ティアの気持ち
アンリがクイーンと呼ぶ人は、私がこの世の中でたったひとつの存在だと教えてくれた。
私は独りぼっちだ。
アンリに捨てられたら終わりだ。アンリは優しいし、そんな事はしない人だと思いたいが、心がざわつく。
少しでもアンリに近付きたい。
そう思った時、眼の前にアンリと同じ人間の形をした像が見えた。
自分も人間だったら良かったのに。と、思った。
そう思った途端、自分の身体がゾワゾワと変化を始めた。そして、なんだか人間になれそうな気がした。何やら、
「
クイーンが何を言ったのかわからなかった。しかし私に向けて何か言ったのだろうと言うことだけはわかった。
「ティア!」
そうだ、アンリだけはちゃんと私を見てくれる。アンリに見られていると、私は自分の存在を実感できるのだ。アンリは人の姿になった私を見てどう思うだろう?
「アンリ?」
私は自分を見て欲しくて、両手を広げて見せた。
するとアンリは、私のワキに手を添えて抱え上げた。
「ティア、どうしたんだ?」
「アンリ、ティア、一緒」
「そうか、ティアは僕と同じ様に、人の姿に成りたいんだな?」
「ティア、アンリと一緒」
「そっか、女神様とは畏れ多いなぁ」
恐れ? 多い? まだまだ難しい言葉は解らない。
とにかくこの姿の私でも、受け入れてもらえたようだ。
アンリはクイーンと何かを話すと、丸い石を私に見せた。
「ティア……これはミルクの核だ……わかるか?」
私は
熱い。
物理的に熱いと言う意味ではない。触れることで流れて来たこの石の持つ情報だ。
この石には、アンリへ対する熱い想いがたくさん詰まっている。少し触れただけなのに、熱いと感じるほどに、その熱量は計り知れない。
アンリの大切な存在だったと言うスライム・ミルクの核を取り込んだ。
まるで他人ごと(人ではない)とは思えない情報が自分の中へと入り込み、身体に浸透し、まるで融合するかの様にミルクの情報が飽和する。
特にアンリへの感情と思われる情報量が凄い。こんなにも……。
こんなにも熱い。
嗚呼、この子、こんなにもアンリのこと好きなんだ。少し妬ける。私は負けないくらいに好きなつもりだった。だけどそれは思い上がりだ。この子はそれこそ命をかけて彼を愛し、愛し抜いたのだ。羨ましい。

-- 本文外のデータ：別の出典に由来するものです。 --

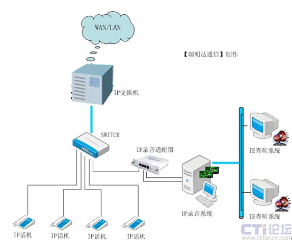 【瑞明達(dá)通信】是國內(nèi)較早從事專業(yè)計算機(jī)電話語音系統(tǒng)(CTI)產(chǎn)品的開發(fā)商, 在客戶交互式解決方案行業(yè)中有十多年的從業(yè)經(jīng)驗,具備雄厚的語音產(chǎn)品開發(fā)能力。最近幾年,基于 IP 的下一代通信,正在以前所未有的速度改變著全世界的通信架構(gòu)和商業(yè)格局!救鹈鬟_(dá)通信】作為錄音技術(shù)的領(lǐng)先廠商,就已經(jīng)具有前瞻性的潛心致力于基于IP通訊線路的多媒體記錄解決方案的研發(fā),RMD_VoIPlog錄音系統(tǒng)是由【瑞明達(dá)通信】自行開發(fā)研制的新一代IP錄音系統(tǒng)。該系統(tǒng)在記錄VoIP語音的同時,所需的語音資源通過軟件方式或硬件平臺直接由網(wǎng)絡(luò)中的RTP等數(shù)據(jù)流獲取,無須和座席分機(jī)或中繼線進(jìn)行并接,因此是一種軟件/硬件分別實(shí)現(xiàn)的錄音系統(tǒng),是真正的基于IP 的錄音解決方案。RMD_VoIPlog錄音系統(tǒng),是以數(shù)字記錄、數(shù)據(jù)庫查詢、光盤存儲等先進(jìn)技術(shù)為手段,為通話語音的錄制、管理提供了一種先進(jìn)、科學(xué)而又行之有效的方法。二、RMD_VoIPlog錄音系統(tǒng)運(yùn)行環(huán)境

アリシアと言う女性への憧れ、嫉妬、変身願望。アンリのアリシアへ対する想い。ミルクへの想い。その全ての記憶、感情が私の中に昇華されてゆく。
だけど私はアリシアでもミルクでもない、ティアだ。この記憶は情報。私はティアとしてアンリと向き合って行くのだ。
ああ、二人に負けたくない。アンリはずっと私のアンリであって欲しい。ミルクの記憶を追体験する事で得た情報だが、すぐに反映されているようだ。

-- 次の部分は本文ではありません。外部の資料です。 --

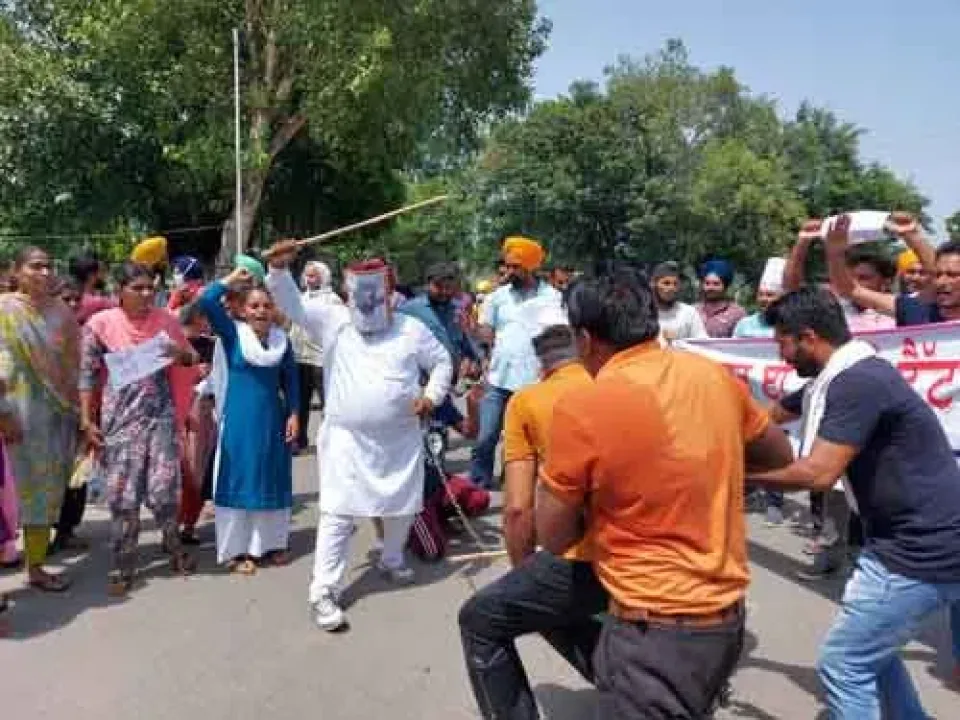 ਜਾਣਕਾਰੀ ਅਨੁਸਾਰ ਅੱਜ ਬੇਰੁਜ਼ਗਾਰ ਈਟੀਟੀ ਟੈੱਟ ਪਾਸ ਅਧਿਆਪਕ ਯੂਨੀਅਨ ਵੱਲੋਂ ਆਪਣੇ ਰੁਜ਼ਗਾਰ ਸਬੰਧੀ ਵਿਲੱਖਣ ਰੋਸ਼ ਪ੍ਰਦਰਸ਼ਨ ਕੀਤਾ ਗਿਆ। ਇਨ੍ਹਾਂ ਅਧਿਆਪਕਾਂ ਵੱਲੋਂ ਮੁੱਖ ਮੰਤਰੀ ਦੇ ਮੋਖੋਟੇ ਵਾਲਾ ਨਕਲੀ ਕੈਪਟਨ ਅਮਰਿੰਦਰ ਸਿੰਘ ਬਣਾਇਆ ਗਿਆ ਅਤੇ ਨਾਲ ਹੀ ਨਕਲੀ ਪੁਲਿਸ ਵਾਲੇ ਤਿਆਰ ਕੀਤੇ ਗਏ। ਕੁਝ ਬੇਰੁਜ਼ਗਾਰ ਅਧਿਆਪਕਾਂ ਵੱਲੋਂ ਆਪਣੇ ਆਪ ਨੂੰ ਸੰਗਲਾਂ ਵਿੱਚ ਨੂੜਿਆ ਹੋਇਆ ਸੀ। ਇਸ ਵਿਲੱਖਣ ਰੋਸ ਪ੍ਰਦਰਸ਼ਨ ਲਈ ਬੇਰੁਜ਼ਗਾਰ ਅਧਿਆਪਕ ਬੀਐਸਐਨਐਲ ਪਾਰਕ ਤੋਂ ਮੋਤੀ ਮਹਿਲ ਲਈ ਰਵਾਨਾ ਹੋਏ ਅਤੇ ਜਦੋਂ ਇਹ ਬੇਰੁਜ਼ਗਾਰ ਵਾਈਪੀਐਸ ਚੌਂਕ ‘ਚ ਪੁੱਜੇ ਤਾਂ ਉੱਥੇ ਵੱਡੀ ਗਿਣਤੀ ਵਿੱਚ ਪੁਲਿਸ ਫੋਰਸ ਤਾਇਨਾਤ ਸੀ। ਇਨ੍ਹਾਂ ਬੇਰੁਜ਼ਗਾਰਾਂ ਵੱਲੋਂ ਤਿਆਰ ਕੀਤੇ ਨਕਲੀ ਕੈਪਟਨ ਬਣੇ ਬੇਰੁਜ਼ਗਾਰ ਗੁਰਪ੍ਰੀਤ ਸਿੰਘ ਵੱਲੋਂ ਇਨ੍ਹਾਂ ਅਧਿਆਪਕਾਂ ਨੂੰ ਬੂਰੀ ਤਰ੍ਹਾਂ ਡੰਡੇ ਨਾਲ ਕੁੱਟਿਆ ਗਿਆ ਅਤੇ ਨਕਲੀ ਪੁਲਿਸ ਵੱਲੋਂ ਇਨ੍ਹਾਂ ਅਧਿਆਪਕਾਂ ਦੀ ਧੂਹ ਘੜੀਸ ਕੀਤੀ ਗਈ। ਵਾਈਪੀਐਸ ਚੌਂਕ ‘ਚ ਖੜ੍ਹੇ ਅਸਲੀ ਪੁਲਿਸ ਅਧਿਕਾਰੀ ਅਤੇ ਮੁਲਾਜ਼ਮ ਇਹ ਸਾਰਾ ਡਰਾਮਾ ਗਹੁ ਨਾਲ ਤੱਕ ਰਹੇ ਸਨ। ਅਸਲੀ ਪੁਲਿਸ ਵਾਲਿਆਂ ਦੀਆਂ ਡਾਂਗਾਂ ਅੱਜ ਹੱਥ ਵਿੱਚ ਹੀ ਫੜੀਆਂ ਰਹਿ ਗਈਆਂ। ਨਕਲੀ ਬਣਿਆ ਮੁੱਖ ਮੰਤਰੀ ਕੈਪਟਨ ਬੇਰੁਜ਼ਗਾਰਾਂ ‘ਤੇ ਡਾਗਾਂ ਮਾਰਦਾ ਆਖ ਰਿਹਾ ਸੀ ਕਿ ਆਓ ਤੁਹਾਨੂੰ ਰੁਜ਼ਗਾਰ ਦੇਵਾਂ। ਇਸ ਤੋਂ ਬਾਅਦ ਜਿਸ ਤਰ੍ਹਾਂ ਇਨ੍ਹਾਂ ਬੇਰੁਜ਼ਗਾਰਾਂ ਨਾਲ ਅਸਲੀ ਪੁਲਿਸ ਵੱਲੋਂ ਘੜੀਸਿਆ ਜਾਂਦਾ ਰਿਹਾ, ਉਸੇ ਤਰ੍ਹਾਂ ਨਕਲੀ ਪੁਲਿਸ ਬਣੇ ਬੇਰੁਜ਼ਗਾਰਾਂ ਵੱਲੋਂ ਆਪਣੇ ਸਾਥੀਆਂ ਨੂੰ ਘੜੀਸਿਆ ਗਿਆ। ਇਸ ਪ੍ਰਦਰਸ਼ਨ ਦੌਰਾਨ ਕਈ ਅਧਿਆਪਕਾਂ ਦੀਆਂ ਪੱਗਾਂ ਵੀ ਲਹਿ ਗਈਆਂ।

憧れや嫉妬、今までに無かった感情が心を支配しようとしている。
ミルクの想いをアンリに告げると、アンリは大泣きを始めた。それほどアンリもミルクを愛していたと言うことだろう。
妬ける。
アンリが私にしがみつく。今はミルクの代わりを余儀なくされる私。しかしアンリのその空白を埋められらのは私だけ。だけど私はその空白には収まらないつもりだ。アリシアやミルクの存在を超えたい。アンリに私だけを見て欲しい。
アンリ、好き……大好き。
私はアンリに寄りかかる。温かい。ずっとこの温もりとともに在りたい。そう思った。